This type can be combined with other types at any level and/or create sub nested queries.
ES.type.nested("parent","filter object");
// ex:
ES.type.nested("name",ES.filter.must(
ES.type.term("name.first", "josh"),
ES.type.term("name.last", "wake")
));
- geo distance
Geo distance is an advanced feature that require a specific mapping in your index. For more information: https://www.elastic.co/guide/en/elasticsearch/reference/current/query-dsl-geo-distance-query.html
Geo distance requires a few parameters:
- The starting point as a latiturde & longitude
- The distance around this point - https://www.elastic.co/guide/en/elasticsearch/reference/current/common-options.html#distance-units
- The type of calculation to apply -
arc
orplanar
(arc
default)
ES.type.geo("fieldkey","origin latlon","distance"[,"calculation"]);
// ex:
ES.type.geo("location.geo",{ "lat": 48,"lon": 2 },"120km"[,"arc"])
//Note: latlon value can be set as string ('48,2') or as an array ([48,2])
q.must(
// Types
).run()
.then(hits => {
const total = hits.total //get the total number of documents matching the query
const length = hits.length //get the total number of documents returned by the query
// return array of hits objects
const hit = hits[0];
console.log(hit.id()) // get Document ID
console.log(hit.index()) // get Document index
console.log(hit.type()) // get Document type
console.log(hit.data()) // get Document source
console.log(hit.source()) // get Document source (alias)
})
Delete by query is only available on Elasticsearch 5.X and over
q.must(
// Types
).delete()
.then(success => {
// return true
})
Count the documents
q.must(
// Types
).count()
.then(count => {
// return count of documents
})
Create query that will modify documents with the same logic. If you need different values per document please refer to Bulk
NOTE: This is an advanced feature that can modify many documents at the same time. Make sure your query is selecting the right documents before executing it.
q.must(
// Types
)
.updateByQuery("ctx._source.someProperty=\"propertyvalue\"")
.run()
.then(numberOfDocsUpdated => {
//Returns the number of documents updated
})
You can do bulk processes across documents using the bulkOperation method
bulkOperation operation can be one of those: index
, update
, delete
, create
q.bulk(
ES.bulkOperation("update", "documentId1", {
property1: "property1Value"
}),
ES.bulkOperation("update", "documentId2", {
property2: "property2Value"
}),
ES.bulkOperation("delete", "documentId3"),
ES.bulkOperation(operation, documentId, [data]),
)
.then(response => {
// returns a direct elasticsearch response containing all operations.

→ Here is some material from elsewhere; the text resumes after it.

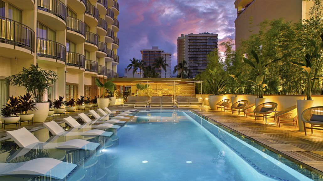 The scope of work involved the complete renovation and modernization of a 16-story, 250-room hotel with new guestroom, retail areas. The street level includes more than 10,000-square-foot of retail space, additional back of house/service areas and a 500-squarefoot lanai. On the 2nd floor lobby level a pool deck, fitness area, spa rooms, kitchen and offices, dining area, and a lounge/bar are featured. Through the design process furnishings and finishes were carefully selected to create a strong sense of rustic Hawaiian luxury, while keeping the hotel stylish and sophisticated. A 20,500-square-foot parking garage for hotel guests and shoppers is located just below street level.

// This function does not reject on operation error.
})
Elasticsearch has a very powerful aggregation system but the way to handle it can be tricky. I tried to solve this issue by wrapping it in what I think is the simplest way.
q.aggs(
ES.agg.date_histogram("created_date")("date_created","1d")
// Child aggregation to the "created_date" aggregation
.aggs(
ES.agg.terms("first_name")("data.first_name")
)
// Add more aggregations
)
.run()
.then(response => {
// retrieve the "created_date" aggregation
const arrayAggList = response.agg("created_date")
const arrayValues = arrayAggList.values() // return an array of values objects. array types values will depend on the aggregation type
const firstValue = arrayValues[0];
const valueID = firstValue.id(); // key of the value. If it is a date_histogram type it will be a moment object
const valueData = firstValue.data(); // value of the aggregation for this key.
// To retrieve a child aggregation:
// Note: Each parent aggregation value has its own aggregation so you will have to loop through to get the child aggregation
const arrayChildAggList = arrayAggList.agg("first_name");
for(let parentKeyvalue in arrayChildAggList){
arrayChildAggList[parentKeyvalue].values().forEach(value => {
console.log(parentKeyvalue, value.id(),value.data());
})
}
})
- terms
ES.agg.terms("aggregation name")("field to aggregate on"[,"options object"])
- date_histogram
interval: string using a time unit
ES.agg.date_histogram("aggregation name")("field to aggregate on","interval")
- average
ES.agg.average("aggregation name")("field to aggregate on")
NOTE: Aggregations below do not support sub aggregations. Error will be thrown.
- cardinality
ES.agg.cardinality("aggregation name")("field to aggregate on")
- extended_stats
ES.agg.extended_stats("aggregation name")("field to aggregate on")
- maximum
ES.agg.maximum("aggregation name")("field to aggregate on")
- minimum
ES.agg.minimum("aggregation name")("field to aggregate on")
- sum
ES.agg.sum("aggregation name")("field to aggregate on")
- value_count
ES.agg.value_count("aggregation name")("field to aggregate on")
- size
// will retrieve 1000 results maximum
// all queries with a size over 500 will be converted into a scroll.
q.size(1000)
- from
// Works with size
// will retrieve results from index 10
q.from(10)
- fields
q.fields(["name","id"])
- sorting
q.sort([{ "post_date" : {"order" : "asc"}}, ...])
const ES = require("elasticsearch-helper")
ES.AddClient("client1","127.0.0.1:9200");
ES.query("Index1","Type1")
.use("client1")
.size(10)
.must(
ES.type.term("name","John"),
ES.type.terms("lastname",["Smith","Wake"])
)
.must_not(
ES.type.range("age",{
lte:20,
gte:30
})
)
.run()
.then(hits => {
//hits array
})
const ES = require("elasticsearch-helper")
ES.AddClient("client1","127.0.0.1:9200");
ES.Query("user")
.size(1001) // when an aggregation is set, size is set to 0.
.must(
ES.type.term("name","jacques"),
ES.type.range("age",{gt:20,lte:40}),
ES.filter.should(
ES.type.term("color","blue"),
ES.type.term("vehicle","car")
)
)
.aggs(
ES.agg.date_histogram("created_date")("date_created","1d")
// Child aggregation to the "created_date" aggregation
.aggs(
ES.agg.terms("first_name")("data.first_name.raw")
)
)
.run()
.then(response => {
// retrieve the "created_date" aggregation
const arrayAggList = response.agg("created_date")
const arrayValues = arrayAggList.values() // return an array of values objects. array types values will depend on the aggregation type
const firstValue = arrayValues[0];
const valueID = firstValue.id(); // key of the value. If it is a date_histogram type it will be a moment object
const valueData = firstValue.data(); // value of the aggregation for this key.
// To retrieve a child aggregation:
// Note: Each parent aggregation value has its own aggregation so you will have to loop through to get the child aggregation
const arrayChildAggList = arrayAggList.agg("first_name");
for(let parentKeyvalue in arrayChildAggList){
arrayChildAggList[parentKeyvalue].values().forEach(value => {
console.log(parentKeyvalue, value.id(),value.data());
})
}
}).catch(err => {
// error
console.log(err)
})